HTML node parser ; how to use the selector function to lookup a value?

I try to extract a value from a website and use the HTTP (get) node connected to a HTML node.
I cannot figure out how to extract a value on the page.

The value I want to retrieve is "F56386285397M4Y403" and is on the buttom of the page which will be different each time te page is refreshed.

On the bottom of the HTML is the value located:

*<....*
*<script type="text/javascript">*
*// <![CDATA[*
*jQuery(document).ready(function() {liftAjax.lift_successRegisterGC();});*
*var lift_page = "F56386285397M4Y403";*
*// ]]>*
*</script></body>*
*</html>*

I know the path is :"/html/body/script[10]/text()"

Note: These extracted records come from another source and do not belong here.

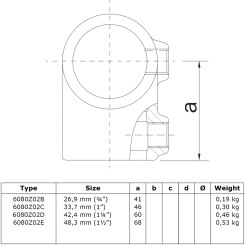 W magazynie - wysyłka 2-9 dni roboczychŁącznik do rur, trójnik, krótki, typ 2. Do produkcji pionowego połączenia między dwiema rurami. Górny łącznik rur dla prostych, poziomych wsporników poręczy / rury.
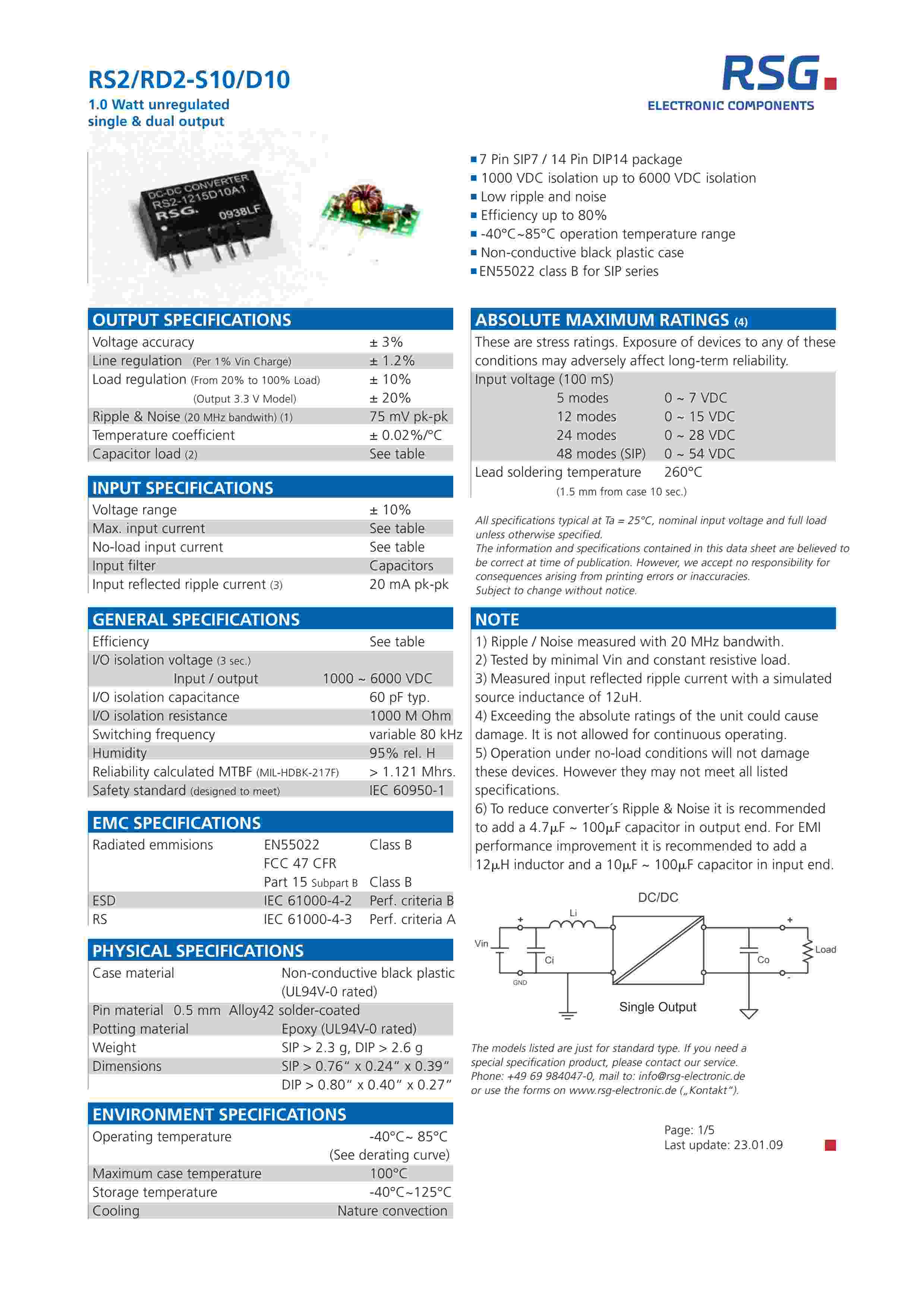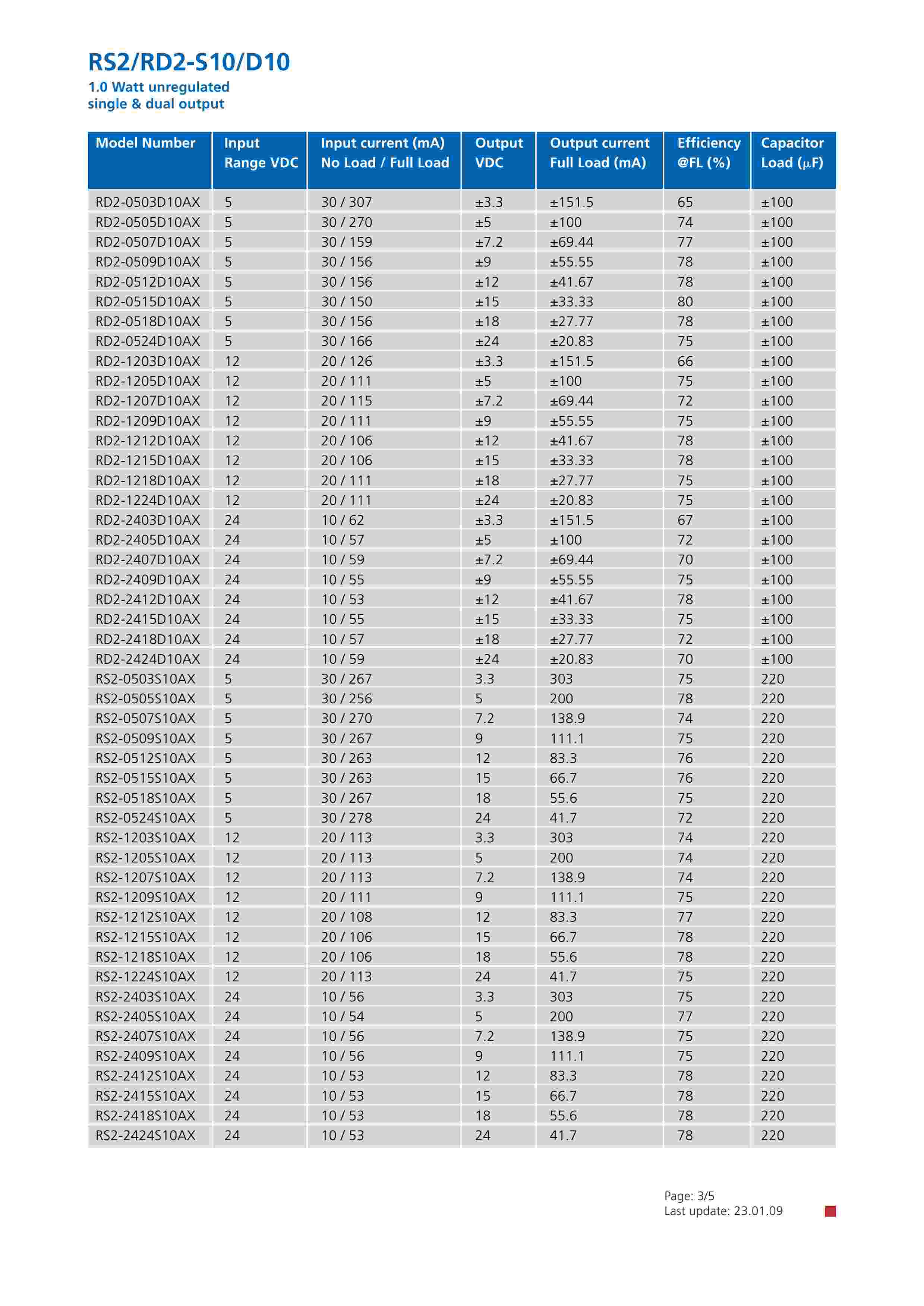 1.0 Watt unregulated dual output
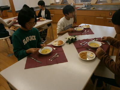 今日は、年1回のYasyouレストランの開店日です。6年生のテーブルマナー教室です。
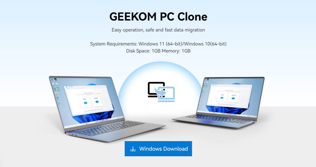 GEEKOM has developed a dedicated software for data transfer that can be used on computers of all brands: GEEKOM PC Clone (click to download)
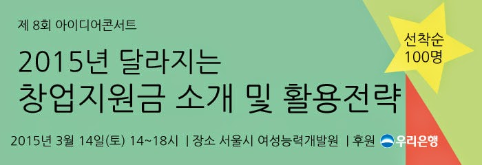 | [자금세미나] 최대1억원까지 무상으로 지원하는 창업자금조달 및 신청서 작성법(4월 2일,토요일) (0) | 2016.03.23 |
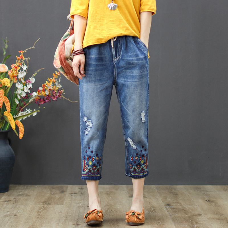 جينز نسائي للربيع والصيف جديد غير رسمي بخصر مطاطي مطرز من قماش الدنيم سراويلي حريمي بفتحات مغسولة سراويل كابري للنساء
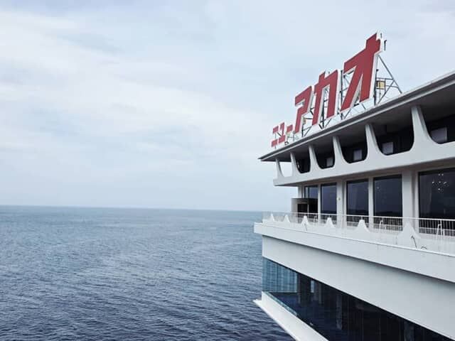 まずはレトロブームで人気の「ニューアカオ」。眺望抜群の露天風呂や、ランチは日帰りでも楽しめて、熱海駅からは送迎もあるので電車旅にもオススメ。有名なホテルのロゴを海と一緒に撮れるオーシャン・ウイングの17階テラス。撮影した写真は、画像の加工を楽しめるフィルターの中から「シバー」を使い、ちょっとクールに雰囲気を変えてみました。
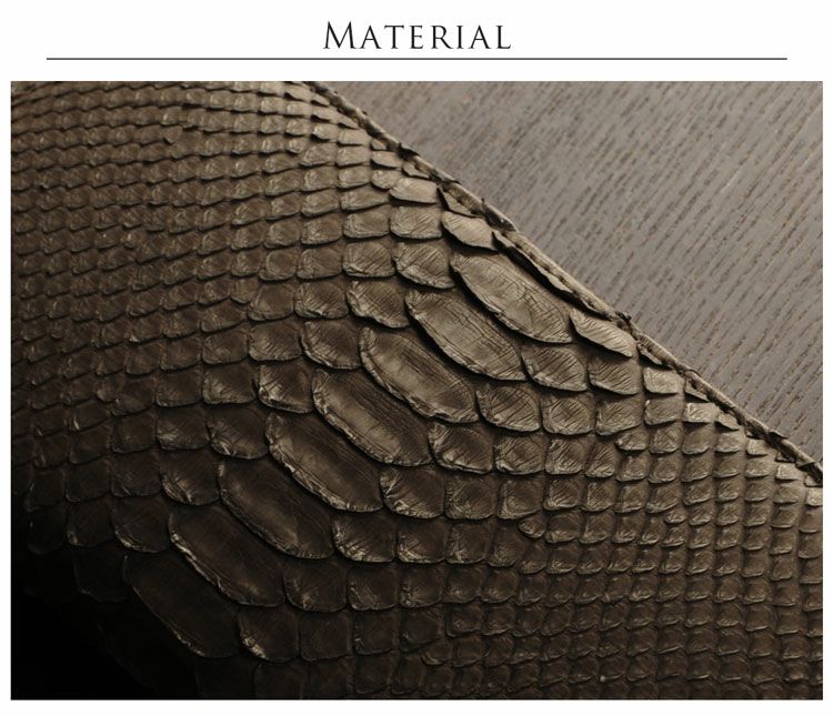 パイソンは、迫力ある表情からは想像できない、繊細で優しい手触りです。加工種類はあまり多くないパイソンですが、素材感を長く楽しむレザー本格派に人気のエキゾチックレザーとなります。スタイルにプラスするだけで、上品な華やかさを添えてくれるアイテムです。
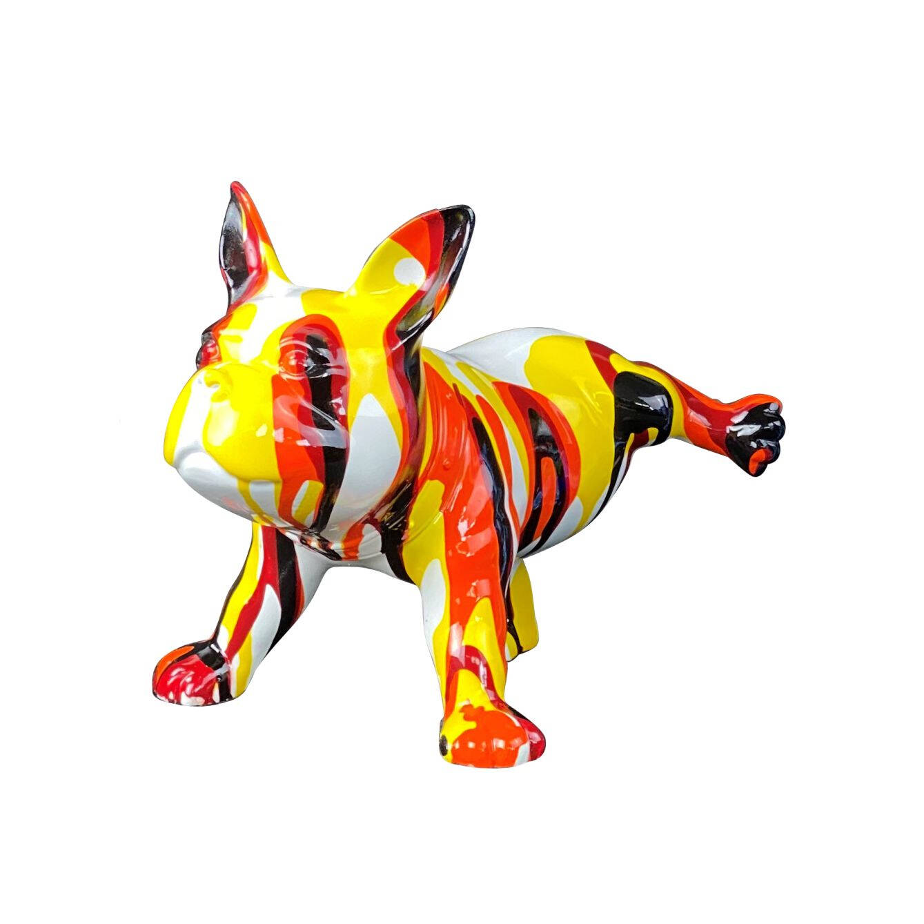 Oggetti di design in poliresina a forma di cani con fantasia multicolor. Dimensioni: cm L.23xH.18
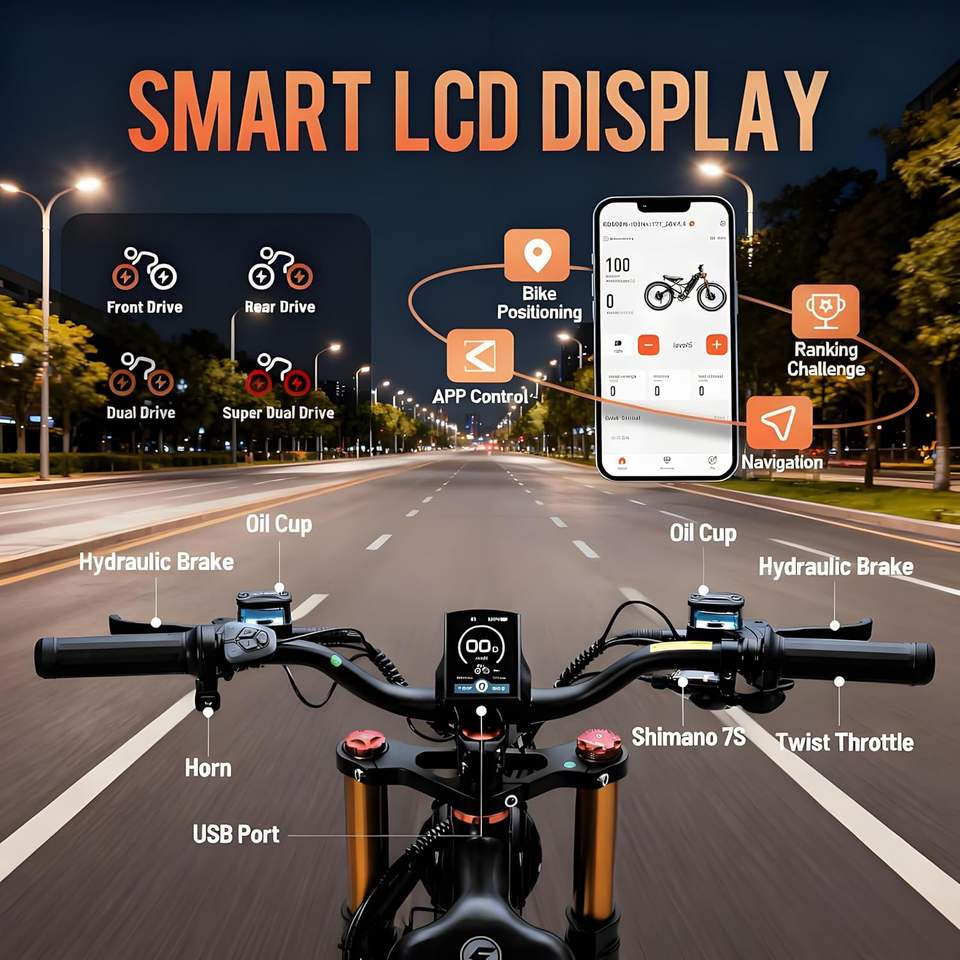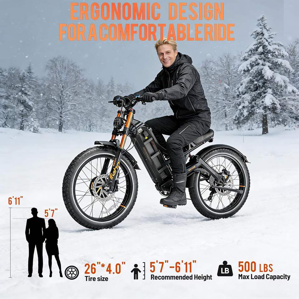จักรยานไฟฟ้าแบบออฟโรดสำหรับขึ้นเขา ระบบกันสะเทือนคู่ เบรกดิสก์ไฮดรอลิก ยางอ้วน สำหรับการผจญภัยกลางแจ้งทุกสภาพพื้นผิว
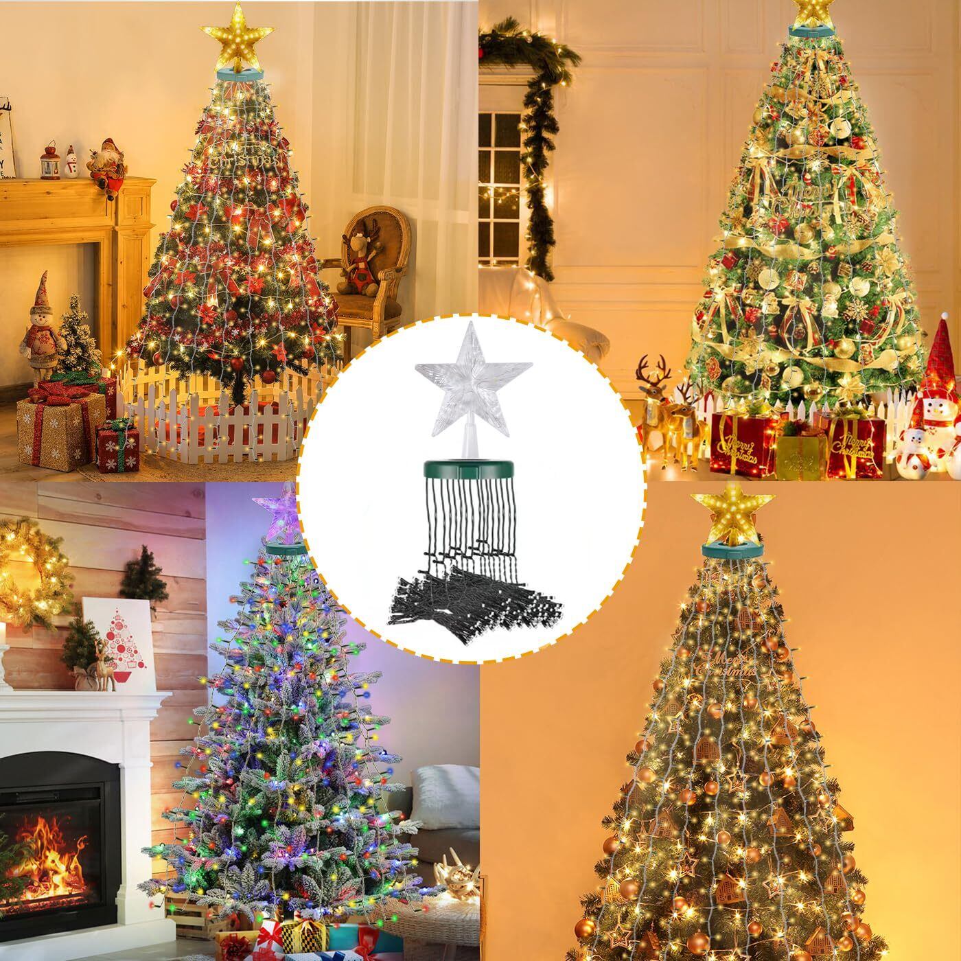 ❷取付簡単で手間が省け!ツリートップからクリスマスツリーを覆うように掛けるだけで取付完成で、クリスマスツリーライトを装飾する手間が省けます。
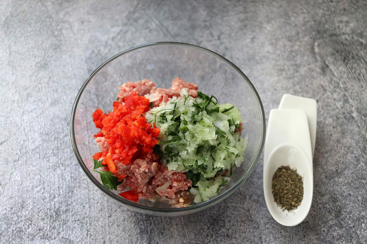 2. У глибоку ємність відправте фарш. Очистіть велику цибулину і разом з гострим і солодким перцем подрібніть погружним блендером. У цю ж кашицю додавайте зелень кінзи або петрушки. До фаршу додавайте подрібнену овочеву масу. Сухий базилік, сіль і суміш перців використовуйте на свій смак, додавайте в начинку.

How can I point the HTML node to this path and retrieve the value of var "lift page"?
(I do receive input in the HTML node from the HTTP node)

The problem is that your value is not in the DOM so you cannot use a simple selector to get hold of it.

The simples approach is to read the html page as text and then apply a change node using a regular expression to grab the text.

This expression for example, will find the text and store it in a token:

/\*var lift_page = "(.*)"/

You can use a replace option in a change node to just output $1 which will return the code on its own.

Thanks! Now I understand why it didn't worked because of the text is not in the DOM.

I cannot make the change node to work. The text is output by the HTML node (a string with132 characters; just like the light grey text in above post):

and the change node connected to the HTML node is adjusted like:

The change node will not replace but outputs the complete msg. Can you see what is wrong?
(PS can a split in a function also work?)

1 Like

In your first post you have

*<....*
*<script type="text/javascript">*
*// <![CDATA[*
*jQuery(document).ready(function() {liftAjax.lift_successRegisterGC();});*
*var lift_page = "F56386285397M4Y403";*
*// ]]>*
*</script></body>*
*</html>*

does each line actually have an asterisk as the first character? If ther is no asterick then you need to change your change node to reflect that.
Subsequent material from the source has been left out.